* YOUR ASSIGNMENT: Would you print the lines below exactly, beginning at the line that has "The Result Data" and stopping after the line that has "signed and dated: A."? Only those lines, and no pictures.

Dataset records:
________________________________________

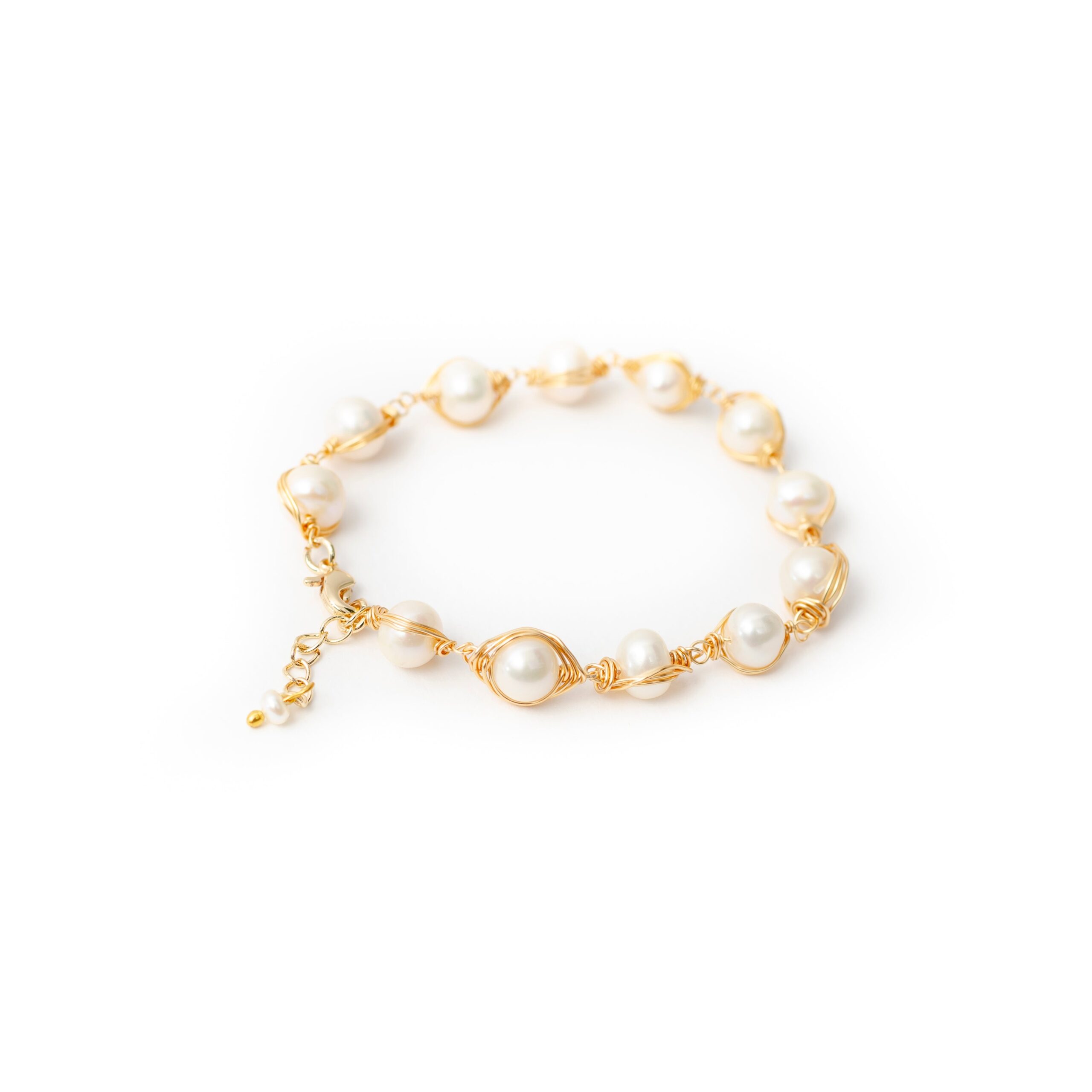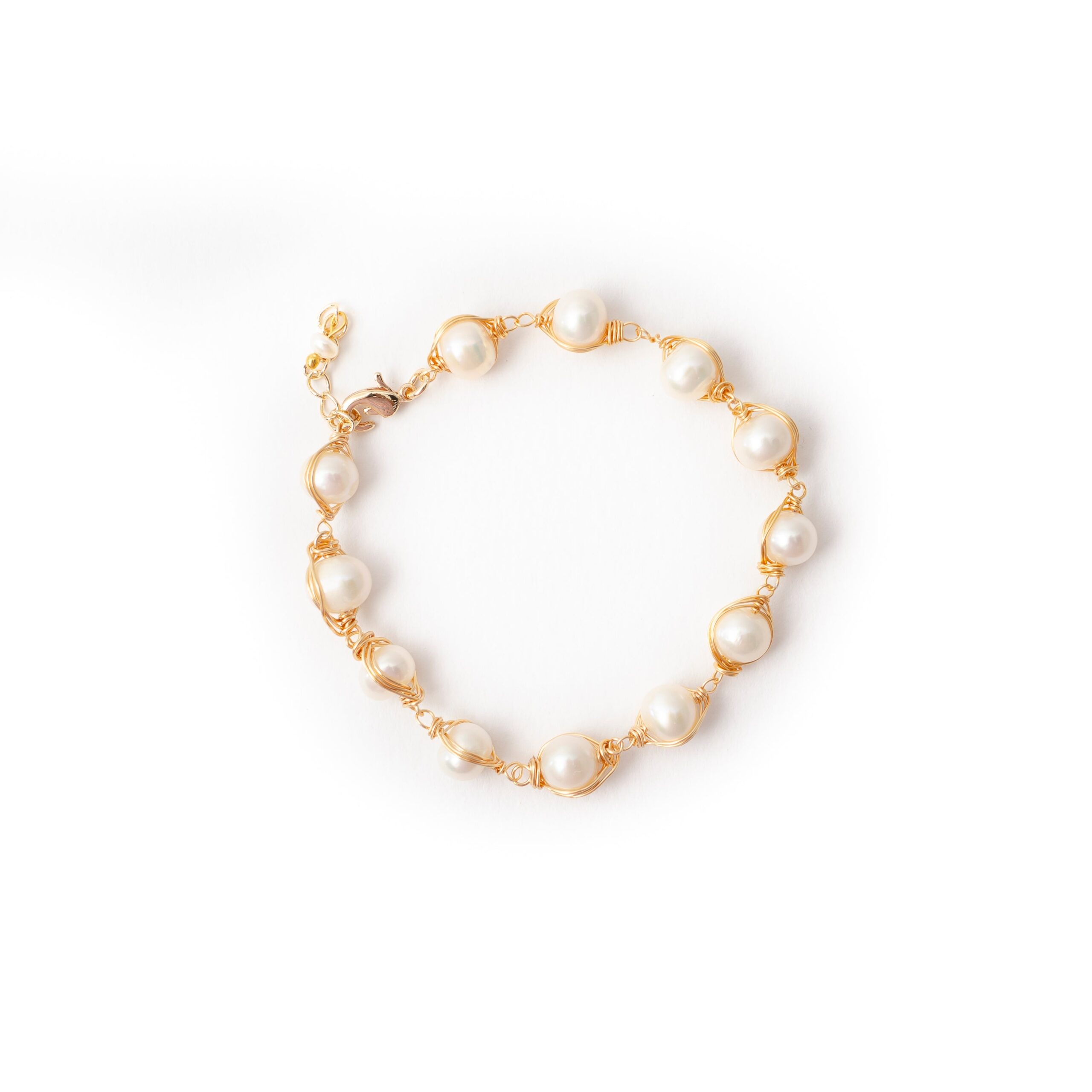 -Beautiful white fresh water pearl bracelet wrapped in a 9K gold
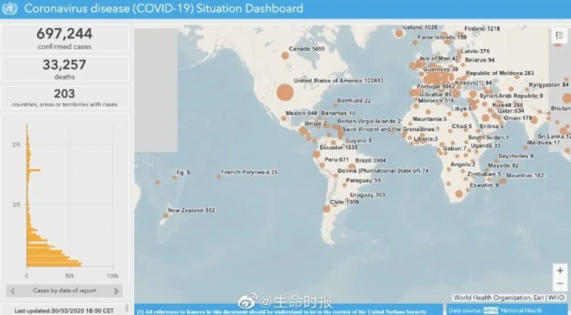 新冠肺炎疫情在全球持续发酵,到北京时刻31日0时,全球确诊新冠肺炎697244例。
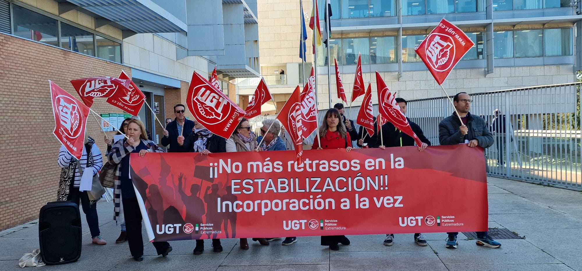 UGT Servicios Públicos Extremadura ha convocado hoy una concentración en el Edificio Morerías para exigir a la Consejera de Administraciones Públicas, Elena Manzano, que publique de una vez en el Diario Oficial de Extremadura (DOE) la fecha de incorporación del personal del proceso de estabilización y traslados, llevamos escuchando septiembre de 2024, diciembre de 2024, marzo de 2025, abril de 2025 y por último, mayo de 2025.
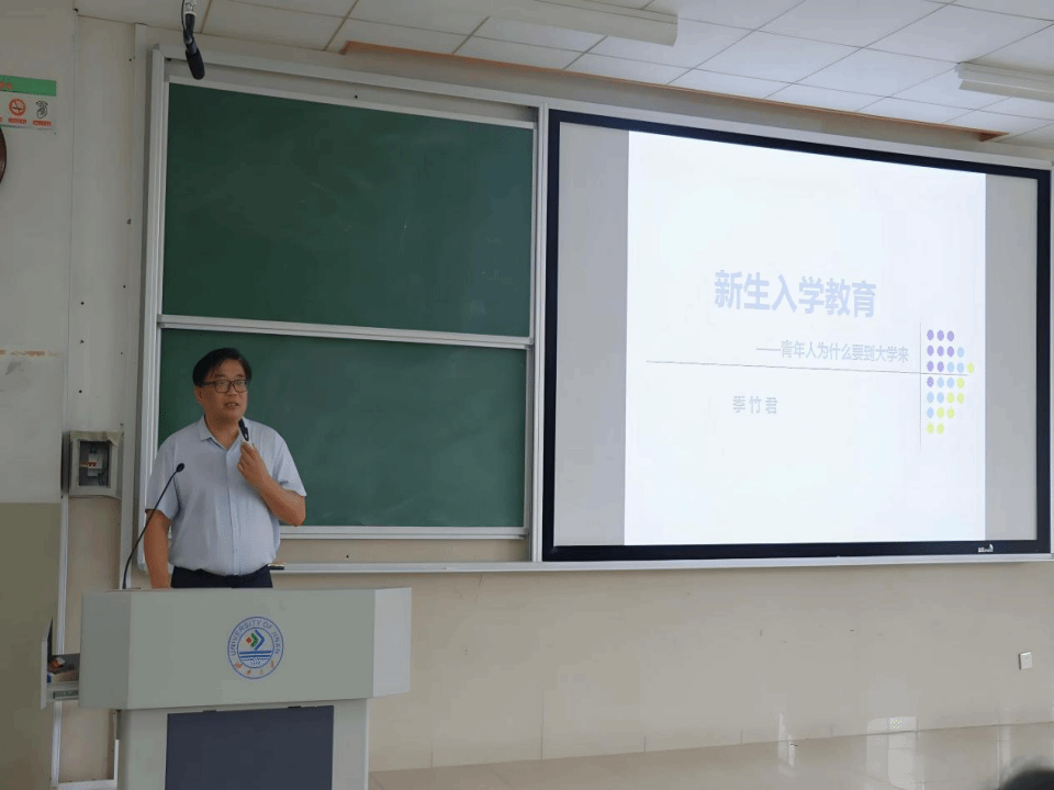 季竹君书记首先向2024级新生的到来表示热烈欢迎和衷心祝贺,向同学们介绍了大学是什么,大学生的使命与担当,以及大学里要做什么。在本次入学教育中他对大家提出三点希望和要求,一是要勤勉求知,积极实践,提升综合素质,勇担时代使命;二是要树立目标,脚踏实地,做好个人发展和学业规划,找到人生方向,“立大志,明大德,成大才,担大任”;三是要树立崇高理想,涵养家国情怀,努力掌握知识本领,把专业理想与国家发展需要紧密联系,争做担当民族复兴重任的时代新人。最后,他寄语新生要心怀梦想,以智启慧,愿大家都能成为心中有梦、眼中有光、脚下有路的卓越人才。
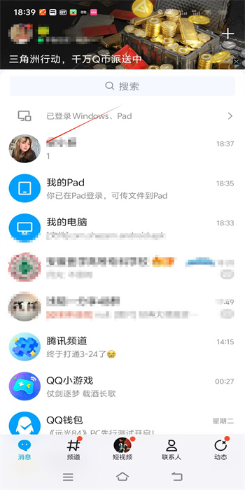 1、首先当你进入到QQ会看待这样的一个首页界面,在这点击你想要发送闪照的联系人,进入到与之的聊天界面中;
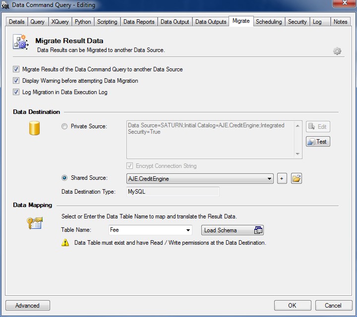 The Result Data for the Data Command Query will migrated to the Destination Data Source upon execution.
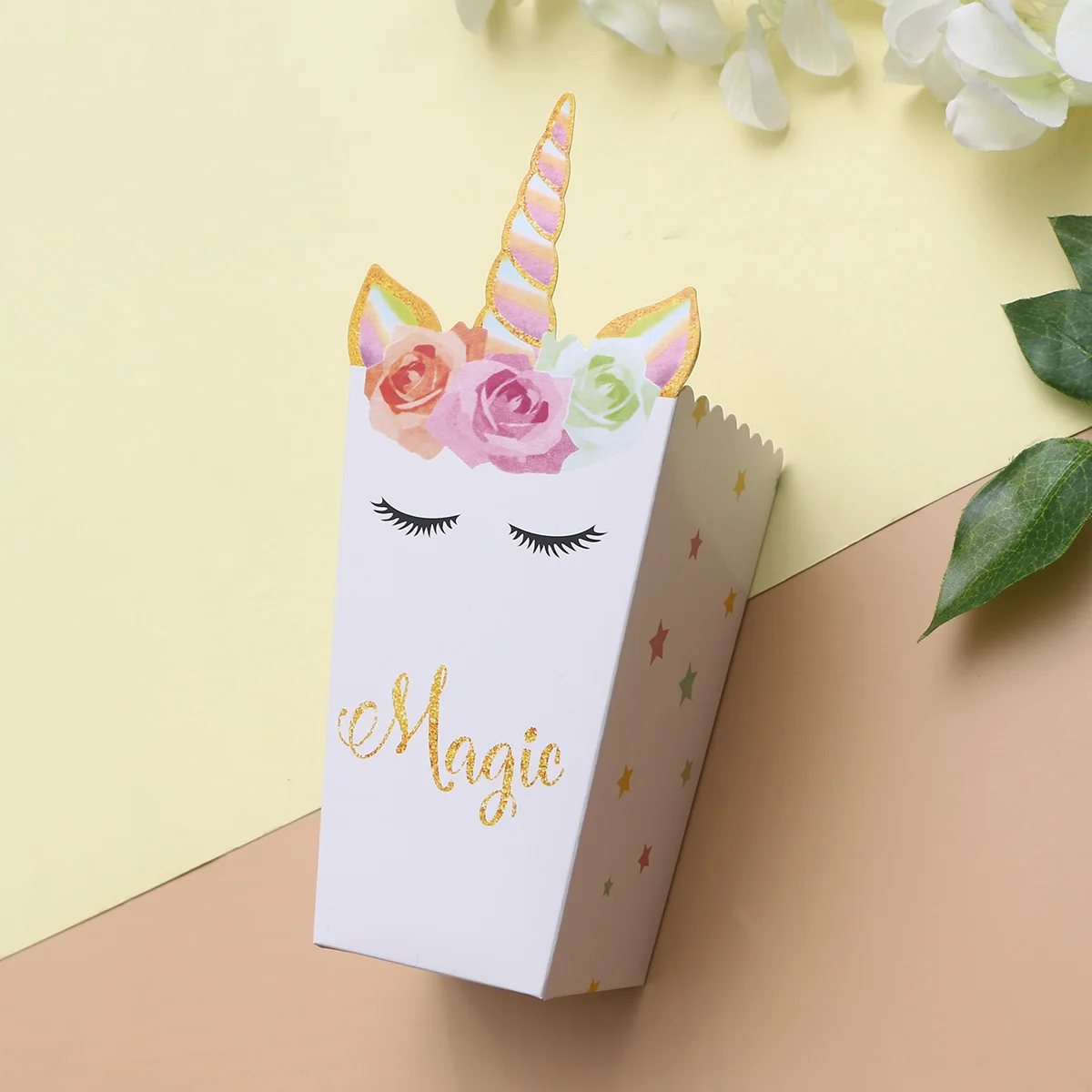 36 шт мультяшный Радужный Единорог попкорн мешочки, принадлежности для праздника полукартон коробки для попкорна контейнер для полдника держатель для детского кинотеатра день рождения
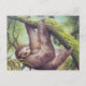 Vintage sloth illustration, a sloth animal hanging in a tree in the jungle.
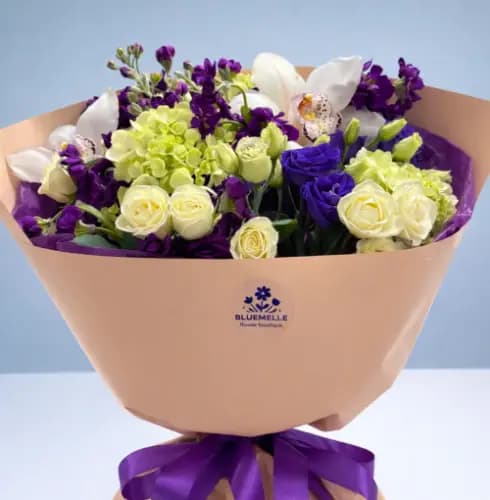 A vibrant and elegant bouquet combining creamy white roses, fresh green hydrangea, rich purple blooms, and delicate white orchids for a striking contrast. Wrapped in soft peach paper and finished with a bold purple ribbon, this arrangement feels joyful, expressive, and refined.
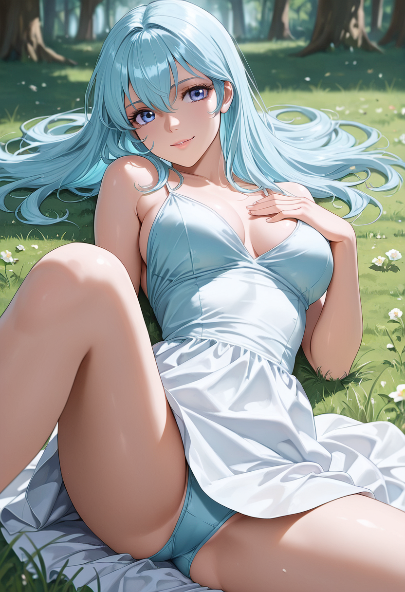 (long_hair, blue_eyes, light_blue_hair, aqua_hair, eyelashes, hair_between_eyes:1.2),
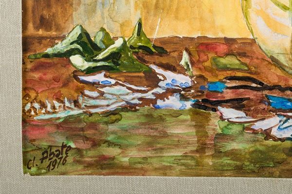 signed and dated: A. Abate / 1976, framed (missing glass)
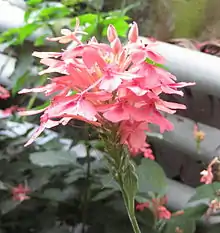 A genus of shrubby herbs or shrubs.[2][3][4] The leaves are arranged opposite,[3][5] they have visible linear cystoliths.[2] The flowers are in spikes or panicles,[3] or in 3-7-flowered,[5] cymules aggregated into long raceme-like cymes.[2] The flower has bracts and bracteoles (small bracts) that are narrow and inconspicuous.[3] The flower calyx is deeply 5-lobed,[2][3][4] with narrow,[3] or linear-lanceolate or filiform (thread-like) shaped lobes.[2] Sometimes with thread-like tips.[3] The corolla-tube is narrowly cylindrical,[3] and long and linear.[2][4] it is divided into 5 subequal lobes,[3] which are spreading or reflexed.[2] The corolla (petals of the flower) are usually red, but may be salmon-pink, scarlet or orange-red. They are also hairy and sometimes glandular, on the outside.[2] It has 2 stamens which are just exserted (projected beyond the corolla-tube).[2][3] They have anthers which are 1-celled. The ovary is 2-celled with 2 ovules in each cell or loculus.[2][3] Meaning it has 2-4-seeds. It has a filiform (thread-like) shaped style.[3] The fruit or seed capsule is club-shaped,[3] with solid stalk-like basal part.[2] Inside the capsule, the seeds are smooth and glabrous or variously ornamented.[3] They are situated on prominent hook-shaped retinaculas (thick fibres), without hygroscopic hairs.[2]
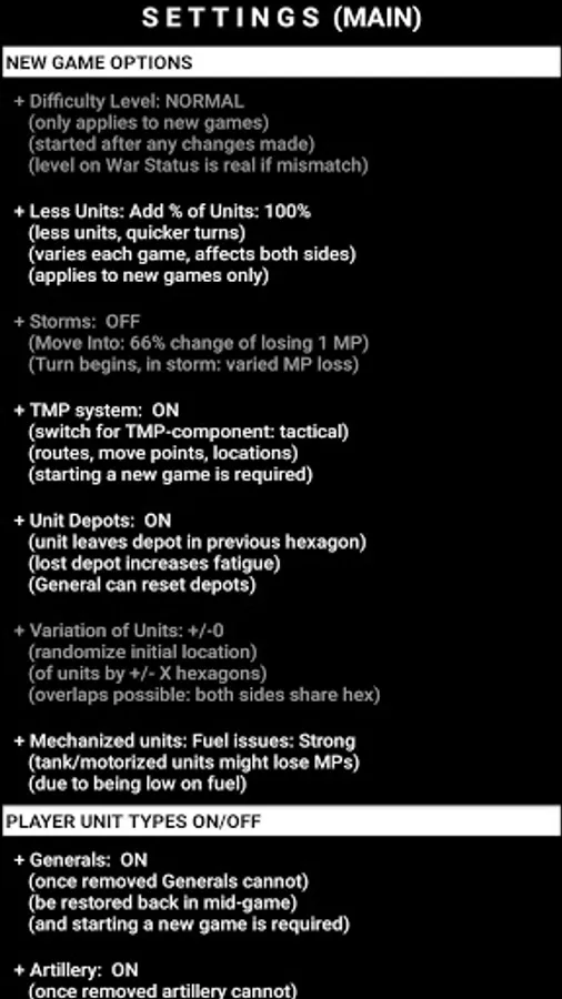 + Settings: A ton of options available to alter the look of the gaming experience: Change difficulty level, hexagon size, Animation speed, choose icon set for units (NATO or REAL) and cities (Round, Shield, Square, block of hourses), decide what is drawn on the map, and much more.
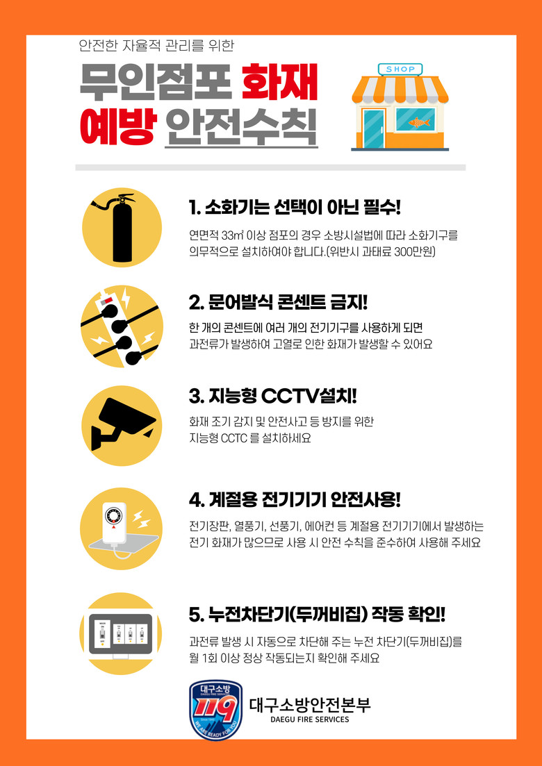 이에 대구소방안전본부는 관내 무인점포에 대해 맞춤형 화재예방대책을 추진할 예정이다.
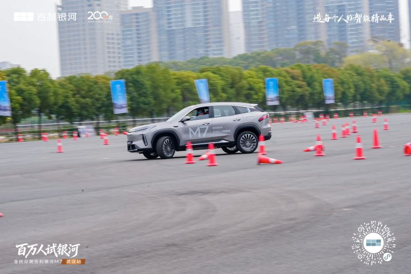 起步、加速,为安全起见,我还是有所保留,以时速80公里的速度冲向模拟障碍,快速打方向左右紧急避让——那一刻,我准备迎接剧烈侧倾和轮胎嘶叫。但很快,我发现,我驾驶的吉利银河M7让我深感意外。从始至终,吉利银河M7车身异常稳定,转向精准,车尾跟随利落,整套动作一气呵成。这不是简单的“稳”,而是底盘、悬挂(前麦弗逊+后多连杆)与G-TCS智能防滑系统协同工作的结果,是经过全球顶尖团队反复调校的扎实功底。

________________________________________

* TASK RESPONSE:
 The Result Data for the Data Command Query will migrated to the Destination Data Source upon execution.
 36 шт мультяшный Радужный Единорог попкорн мешочки, принадлежности для праздника полукартон коробки для попкорна контейнер для полдника держатель для детского кинотеатра день рождения
 Vintage sloth illustration, a sloth animal hanging in a tree in the jungle.
 A vibrant and elegant bouquet combining creamy white roses, fresh green hydrangea, rich purple blooms, and delicate white orchids for a striking contrast. Wrapped in soft peach paper and finished with a bold purple ribbon, this arrangement feels joyful, expressive, and refined.
 (long_hair, blue_eyes, light_blue_hair, aqua_hair, eyelashes, hair_between_eyes:1.2),
 signed and dated: A. Abate / 1976, framed (missing glass)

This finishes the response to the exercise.